> _Exercise description_: With every picture left out, restate the listing below exactly as written.

> _Available data_:
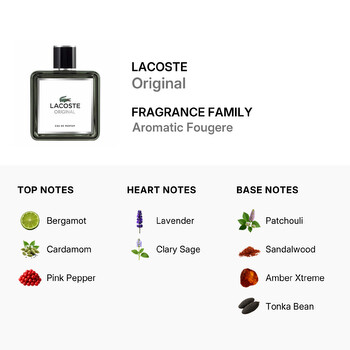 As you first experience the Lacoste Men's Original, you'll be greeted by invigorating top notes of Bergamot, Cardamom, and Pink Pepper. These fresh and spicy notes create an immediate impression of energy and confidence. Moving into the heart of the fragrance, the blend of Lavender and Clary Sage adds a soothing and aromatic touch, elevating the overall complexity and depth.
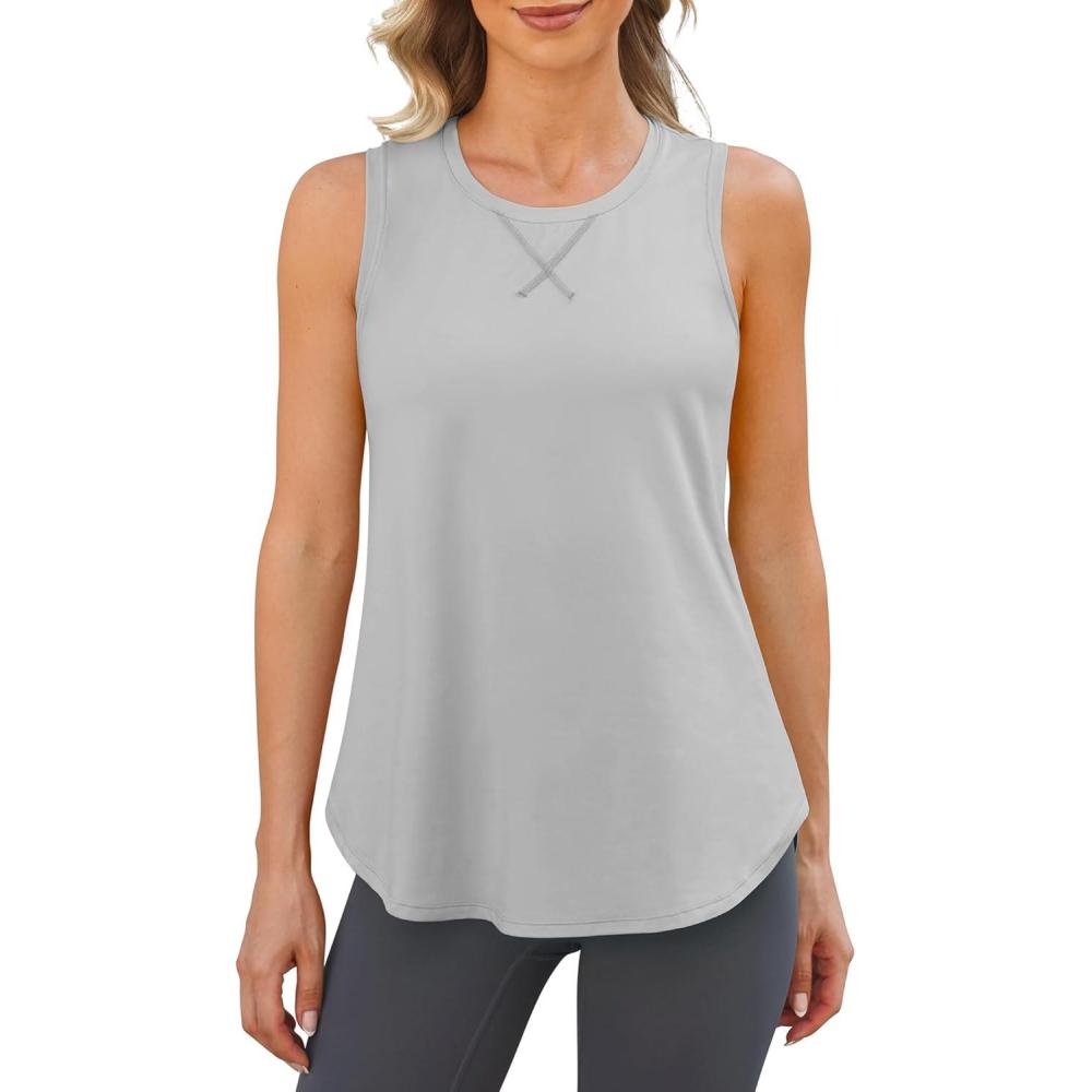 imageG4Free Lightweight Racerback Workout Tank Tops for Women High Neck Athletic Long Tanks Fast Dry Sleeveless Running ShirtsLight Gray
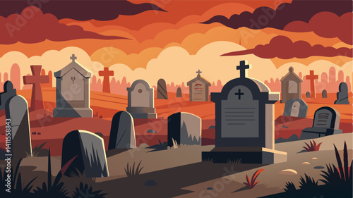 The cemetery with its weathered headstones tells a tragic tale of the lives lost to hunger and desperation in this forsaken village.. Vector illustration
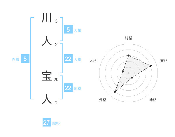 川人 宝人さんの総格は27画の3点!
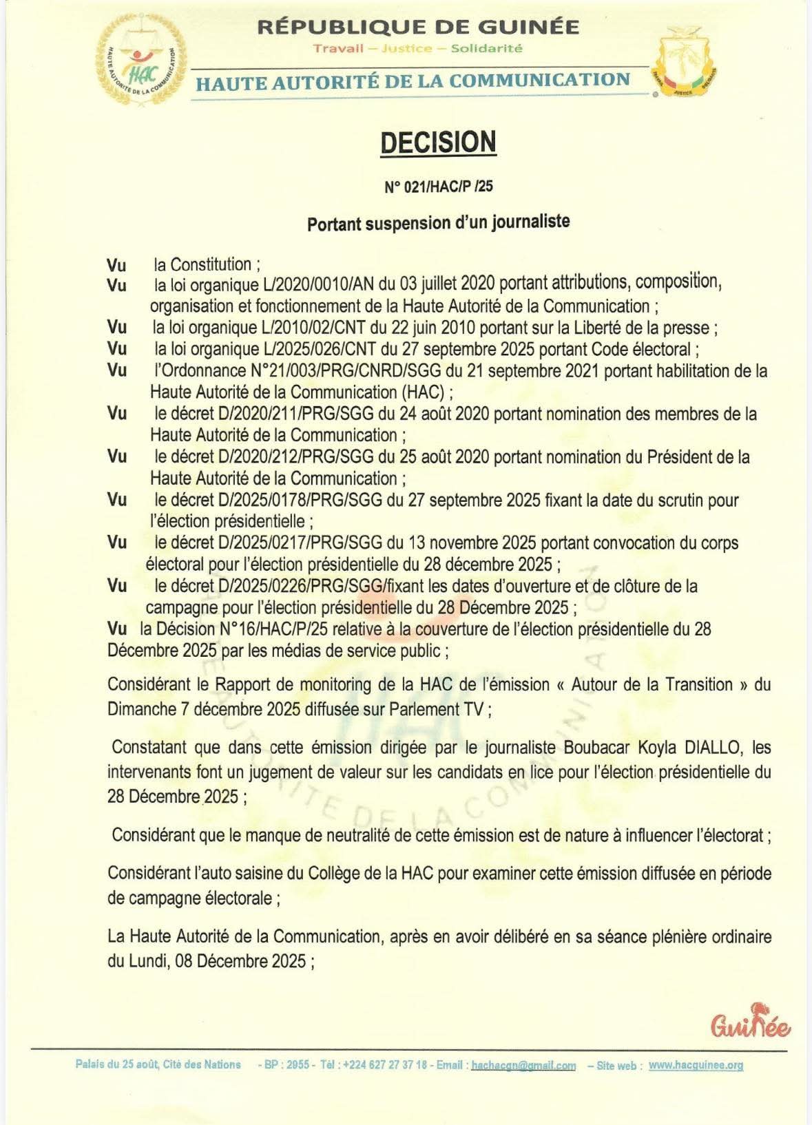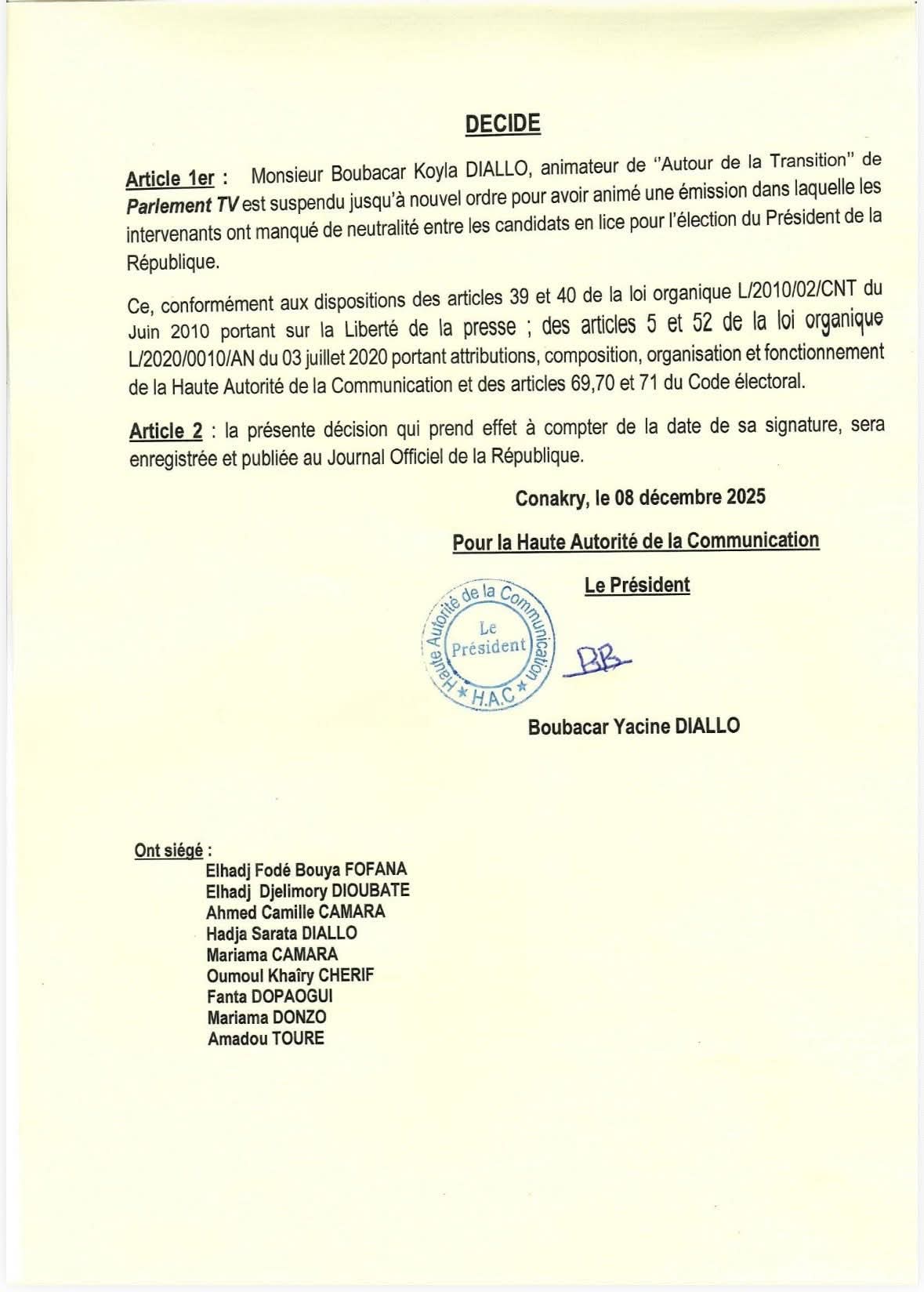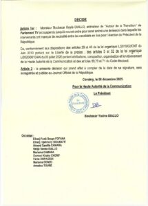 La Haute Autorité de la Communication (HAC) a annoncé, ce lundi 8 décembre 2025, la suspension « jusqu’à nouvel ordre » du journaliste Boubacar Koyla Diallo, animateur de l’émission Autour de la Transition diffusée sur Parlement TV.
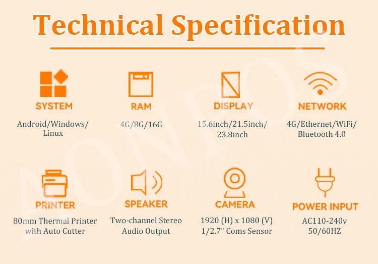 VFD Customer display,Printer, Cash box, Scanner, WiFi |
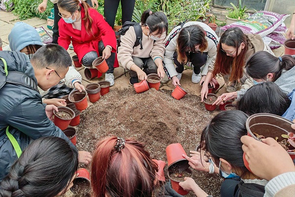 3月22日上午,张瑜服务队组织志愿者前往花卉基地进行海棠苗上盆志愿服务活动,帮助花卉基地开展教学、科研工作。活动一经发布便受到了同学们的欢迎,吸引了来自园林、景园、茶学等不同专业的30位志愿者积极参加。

> _Exercise result_:
 As you first experience the Lacoste Men's Original, you'll be greeted by invigorating top notes of Bergamot, Cardamom, and Pink Pepper. These fresh and spicy notes create an immediate impression of energy and confidence. Moving into the heart of the fragrance, the blend of Lavender and Clary Sage adds a soothing and aromatic touch, elevating the overall complexity and depth.
 imageG4Free Lightweight Racerback Workout Tank Tops for Women High Neck Athletic Long Tanks Fast Dry Sleeveless Running ShirtsLight Gray
 The cemetery with its weathered headstones tells a tragic tale of the lives lost to hunger and desperation in this forsaken village.. Vector illustration
 川人 宝人さんの総格は27画の3点!
 La Haute Autorité de la Communication (HAC) a annoncé, ce lundi 8 décembre 2025, la suspension « jusqu’à nouvel ordre » du journaliste Boubacar Koyla Diallo, animateur de l’émission Autour de la Transition diffusée sur Parlement TV.
 VFD Customer display,Printer, Cash box, Scanner, WiFi |
 3月22日上午,张瑜服务队组织志愿者前往花卉基地进行海棠苗上盆志愿服务活动,帮助花卉基地开展教学、科研工作。活动一经发布便受到了同学们的欢迎,吸引了来自园林、景园、茶学等不同专业的30位志愿者积极参加。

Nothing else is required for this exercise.